- _DIRECTIONS_
Begin the copy at the line that contains "服务区:过往司乘人员可进入G", end it at the last line of the entries below, keep every word exact, and include no pictures.

SUPPLIED RECORDS START

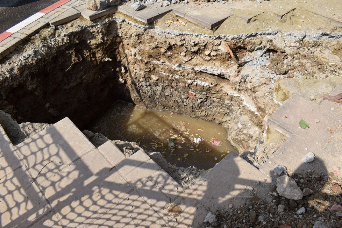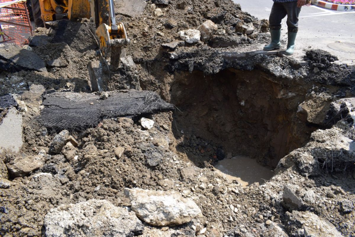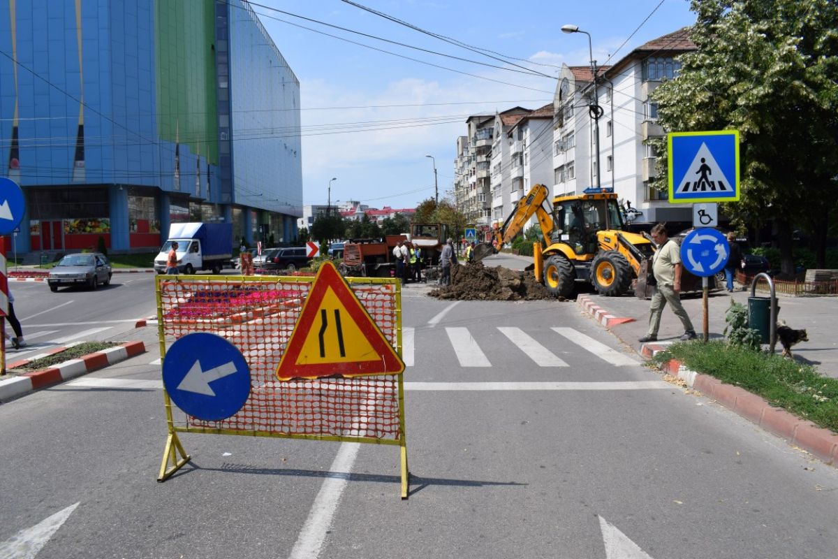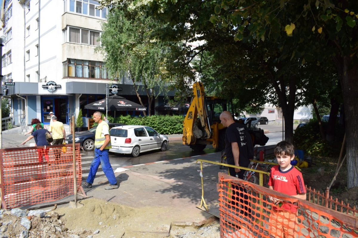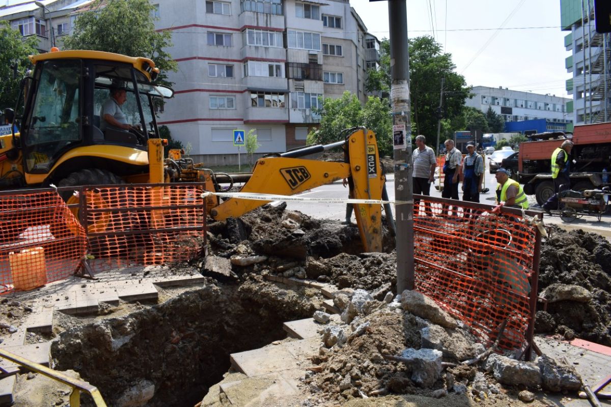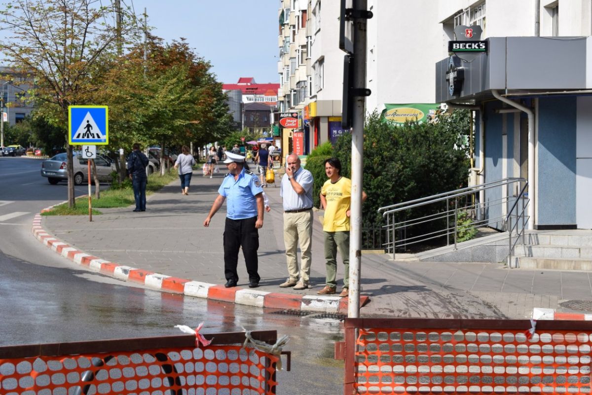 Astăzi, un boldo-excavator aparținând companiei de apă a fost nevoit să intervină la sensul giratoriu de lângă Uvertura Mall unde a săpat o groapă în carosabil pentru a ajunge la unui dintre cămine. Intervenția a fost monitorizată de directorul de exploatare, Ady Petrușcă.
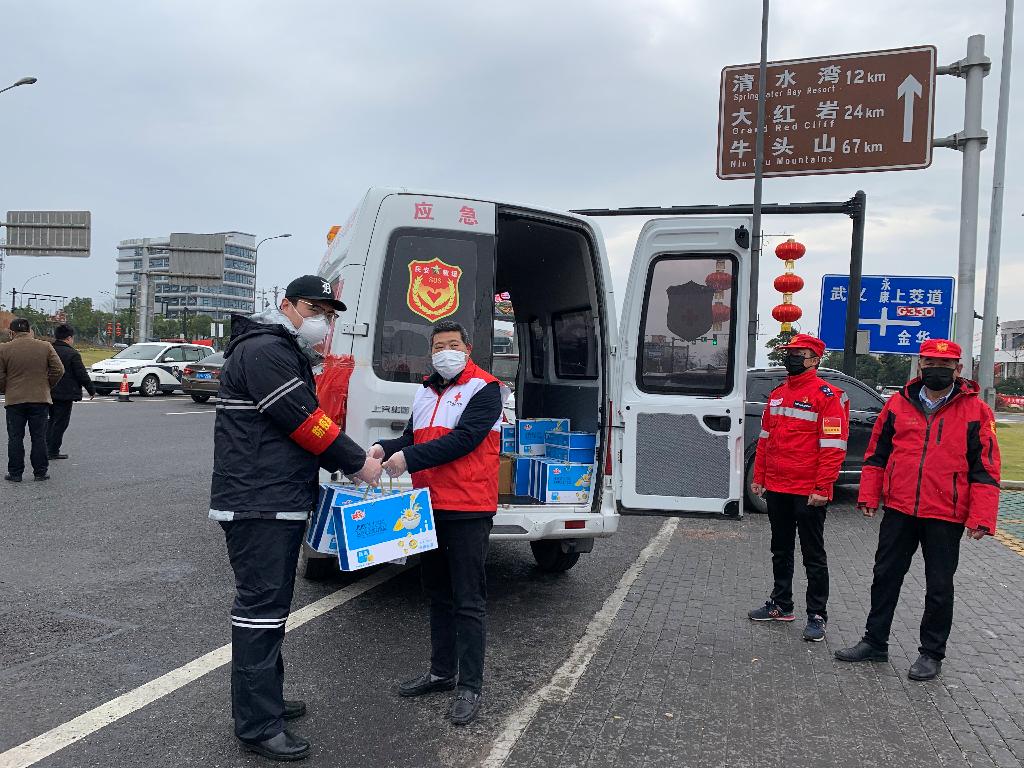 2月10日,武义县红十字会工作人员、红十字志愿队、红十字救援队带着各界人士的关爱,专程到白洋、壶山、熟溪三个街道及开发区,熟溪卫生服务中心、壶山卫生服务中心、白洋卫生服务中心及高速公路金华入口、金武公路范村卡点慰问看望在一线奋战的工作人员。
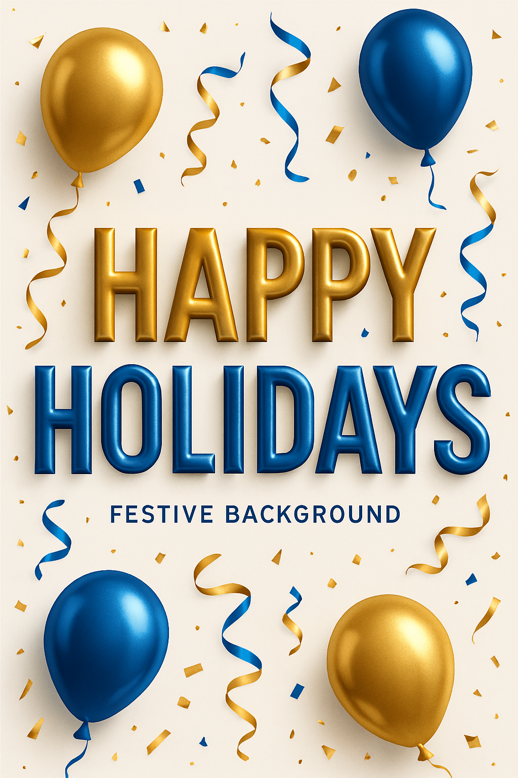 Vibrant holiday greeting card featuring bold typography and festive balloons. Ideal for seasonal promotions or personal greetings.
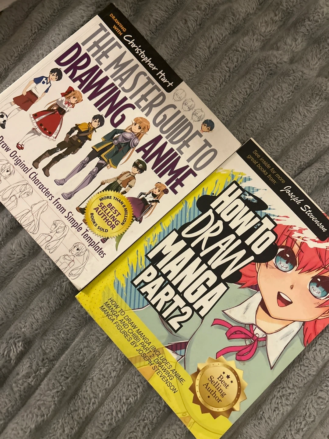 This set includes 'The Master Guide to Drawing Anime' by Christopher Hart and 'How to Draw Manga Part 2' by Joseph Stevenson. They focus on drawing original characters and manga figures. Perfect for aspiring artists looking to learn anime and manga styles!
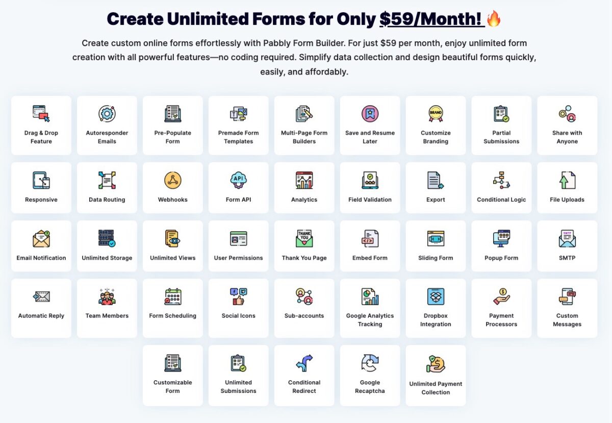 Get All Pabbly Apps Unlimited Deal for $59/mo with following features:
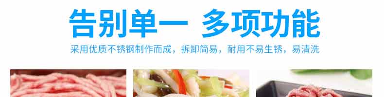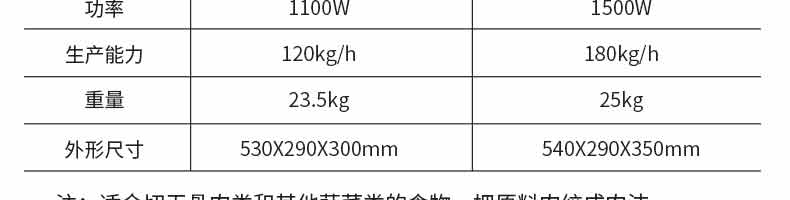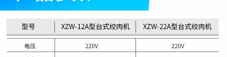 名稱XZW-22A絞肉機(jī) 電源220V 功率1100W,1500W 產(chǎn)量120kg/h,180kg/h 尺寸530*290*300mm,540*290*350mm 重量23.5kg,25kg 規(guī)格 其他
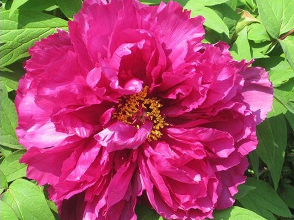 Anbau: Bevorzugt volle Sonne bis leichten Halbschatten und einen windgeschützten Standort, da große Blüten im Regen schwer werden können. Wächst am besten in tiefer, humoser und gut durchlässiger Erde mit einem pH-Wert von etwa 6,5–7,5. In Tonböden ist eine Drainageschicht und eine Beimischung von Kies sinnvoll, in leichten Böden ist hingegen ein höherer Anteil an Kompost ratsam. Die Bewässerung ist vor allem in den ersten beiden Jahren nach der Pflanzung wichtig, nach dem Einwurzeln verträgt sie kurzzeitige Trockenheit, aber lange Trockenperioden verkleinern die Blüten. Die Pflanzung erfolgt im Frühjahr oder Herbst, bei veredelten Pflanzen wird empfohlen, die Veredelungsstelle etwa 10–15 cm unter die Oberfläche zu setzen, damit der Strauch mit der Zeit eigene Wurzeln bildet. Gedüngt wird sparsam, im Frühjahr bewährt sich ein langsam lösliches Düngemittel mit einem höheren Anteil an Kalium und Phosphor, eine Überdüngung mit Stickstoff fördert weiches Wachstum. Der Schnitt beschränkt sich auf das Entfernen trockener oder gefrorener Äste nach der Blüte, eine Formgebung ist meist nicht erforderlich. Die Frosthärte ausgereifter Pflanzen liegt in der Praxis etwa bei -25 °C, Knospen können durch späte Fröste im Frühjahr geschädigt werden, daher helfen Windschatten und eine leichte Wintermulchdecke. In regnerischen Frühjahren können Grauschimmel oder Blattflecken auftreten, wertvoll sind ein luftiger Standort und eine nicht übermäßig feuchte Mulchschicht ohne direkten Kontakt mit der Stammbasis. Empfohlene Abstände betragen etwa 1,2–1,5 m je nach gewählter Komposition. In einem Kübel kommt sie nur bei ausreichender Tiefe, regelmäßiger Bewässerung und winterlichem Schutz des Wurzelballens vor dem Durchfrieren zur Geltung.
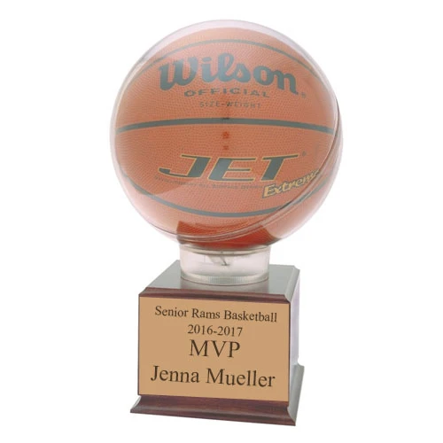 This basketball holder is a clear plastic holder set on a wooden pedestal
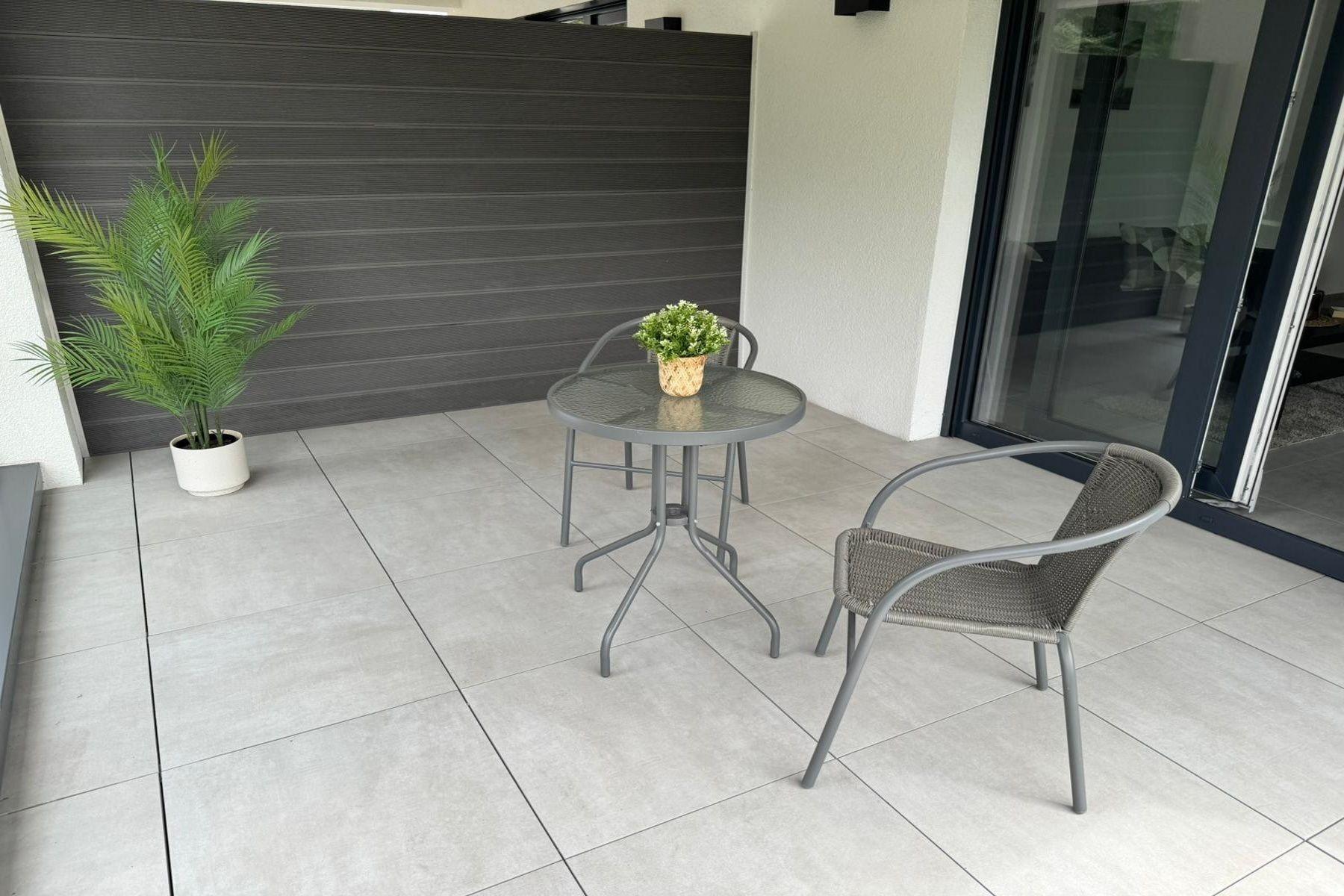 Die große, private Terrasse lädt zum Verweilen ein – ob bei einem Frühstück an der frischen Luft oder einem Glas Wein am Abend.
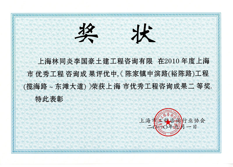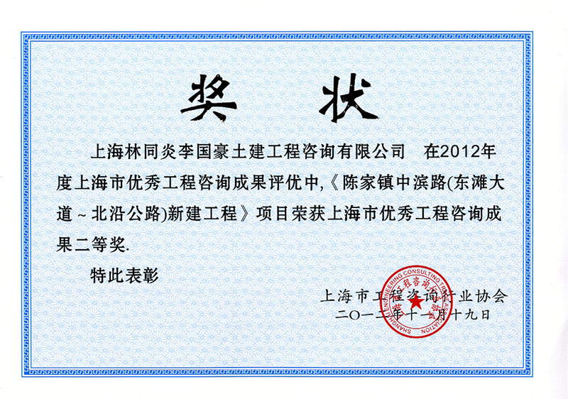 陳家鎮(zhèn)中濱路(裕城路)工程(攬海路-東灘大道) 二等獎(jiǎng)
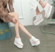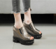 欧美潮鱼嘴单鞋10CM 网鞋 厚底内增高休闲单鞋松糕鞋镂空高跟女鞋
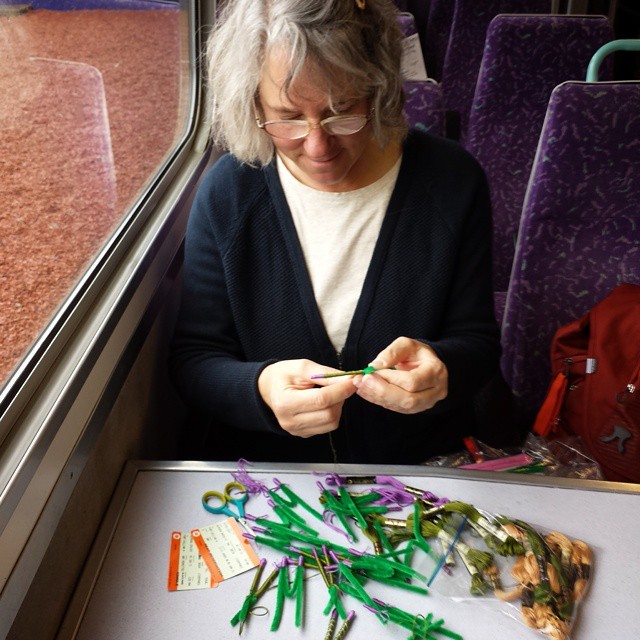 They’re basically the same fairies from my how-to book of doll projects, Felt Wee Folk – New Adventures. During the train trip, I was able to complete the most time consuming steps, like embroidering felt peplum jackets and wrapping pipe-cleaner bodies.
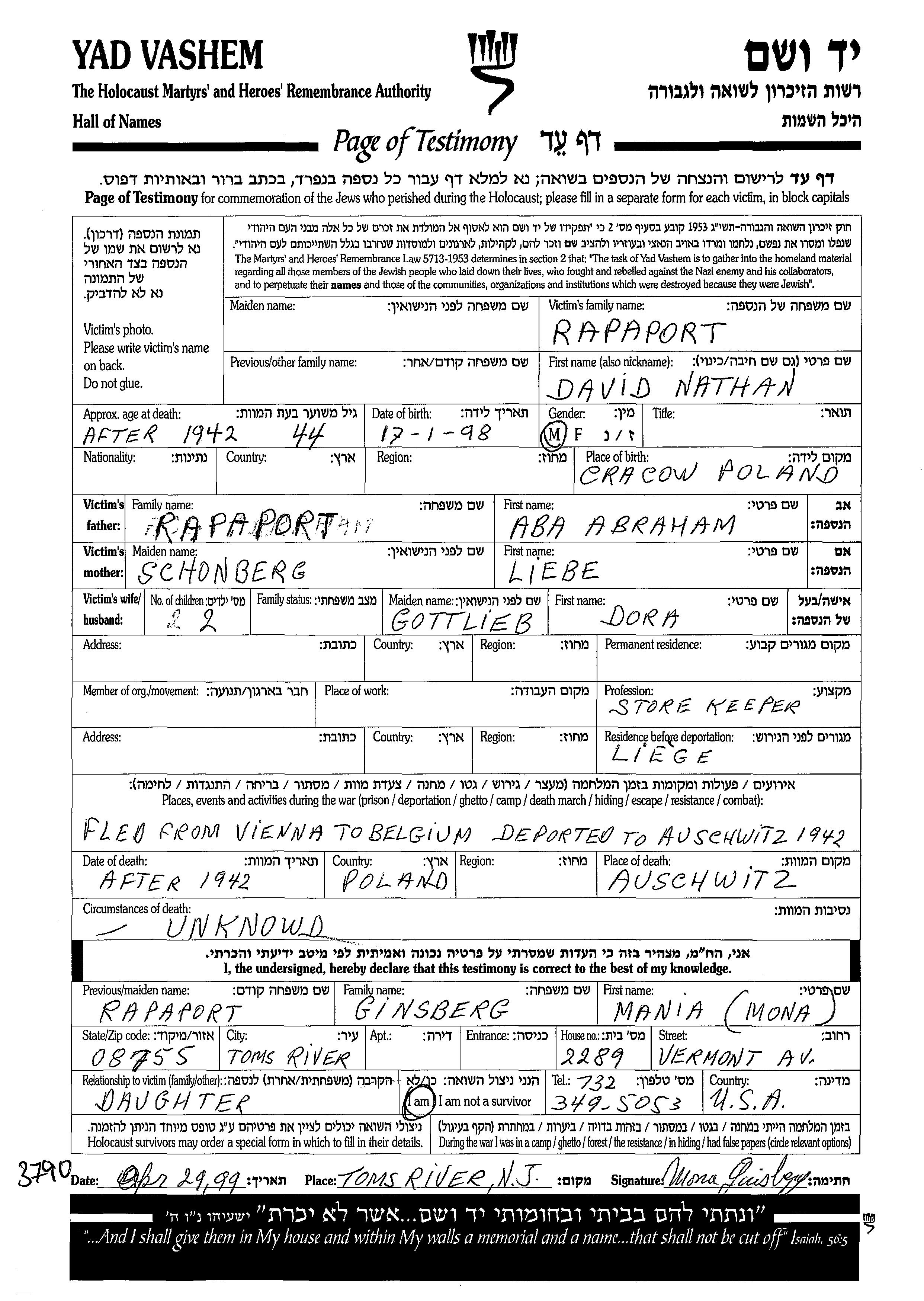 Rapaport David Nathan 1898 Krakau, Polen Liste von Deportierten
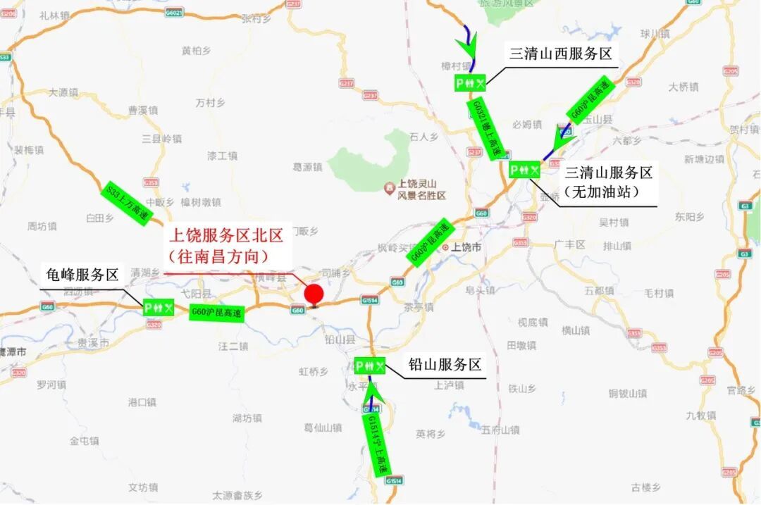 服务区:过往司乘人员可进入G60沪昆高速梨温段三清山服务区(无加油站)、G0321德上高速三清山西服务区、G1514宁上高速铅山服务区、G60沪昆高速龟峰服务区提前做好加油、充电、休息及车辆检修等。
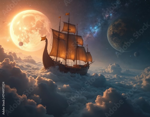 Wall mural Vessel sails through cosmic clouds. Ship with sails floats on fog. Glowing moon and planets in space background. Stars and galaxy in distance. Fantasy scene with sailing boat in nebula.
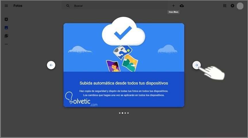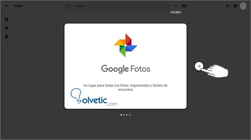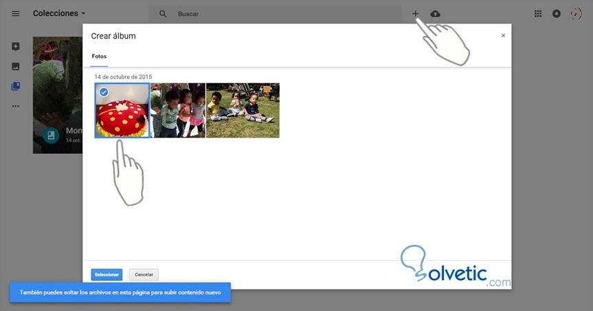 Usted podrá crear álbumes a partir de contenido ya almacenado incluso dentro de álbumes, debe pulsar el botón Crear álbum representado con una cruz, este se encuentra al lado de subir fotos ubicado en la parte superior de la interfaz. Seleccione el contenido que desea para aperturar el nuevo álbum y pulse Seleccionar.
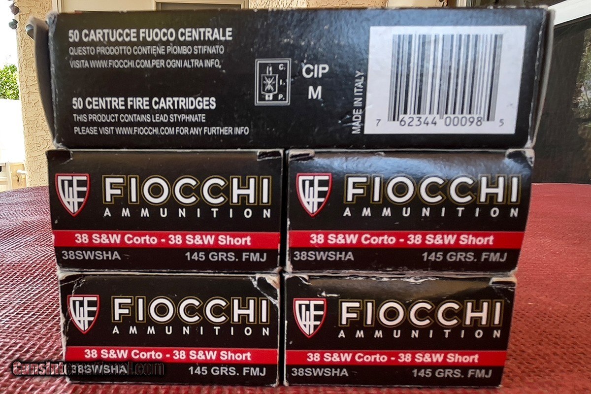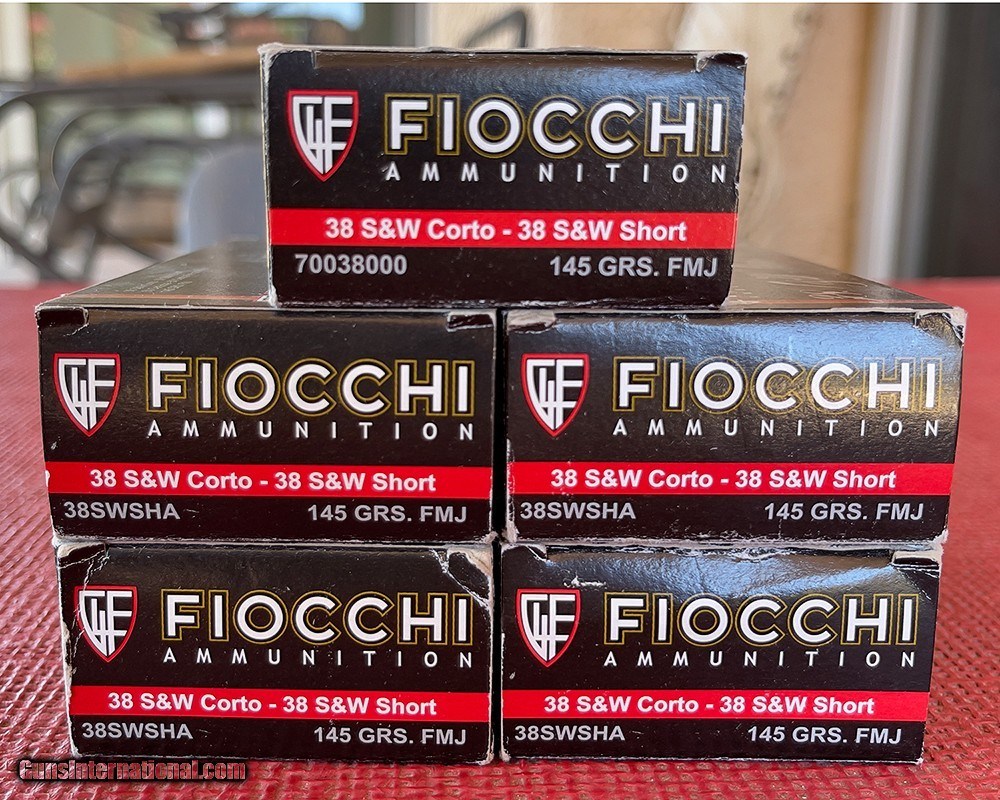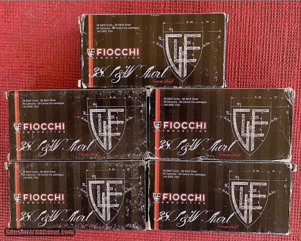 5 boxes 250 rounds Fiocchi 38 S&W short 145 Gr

SUPPLIED RECORDS END

- _FINISHED EXERCISE_
 服务区:过往司乘人员可进入G60沪昆高速梨温段三清山服务区(无加油站)、G0321德上高速三清山西服务区、G1514宁上高速铅山服务区、G60沪昆高速龟峰服务区提前做好加油、充电、休息及车辆检修等。
 Wall mural Vessel sails through cosmic clouds. Ship with sails floats on fog. Glowing moon and planets in space background. Stars and galaxy in distance. Fantasy scene with sailing boat in nebula.
 Usted podrá crear álbumes a partir de contenido ya almacenado incluso dentro de álbumes, debe pulsar el botón Crear álbum representado con una cruz, este se encuentra al lado de subir fotos ubicado en la parte superior de la interfaz. Seleccione el contenido que desea para aperturar el nuevo álbum y pulse Seleccionar.
 5 boxes 250 rounds Fiocchi 38 S&W short 145 Gr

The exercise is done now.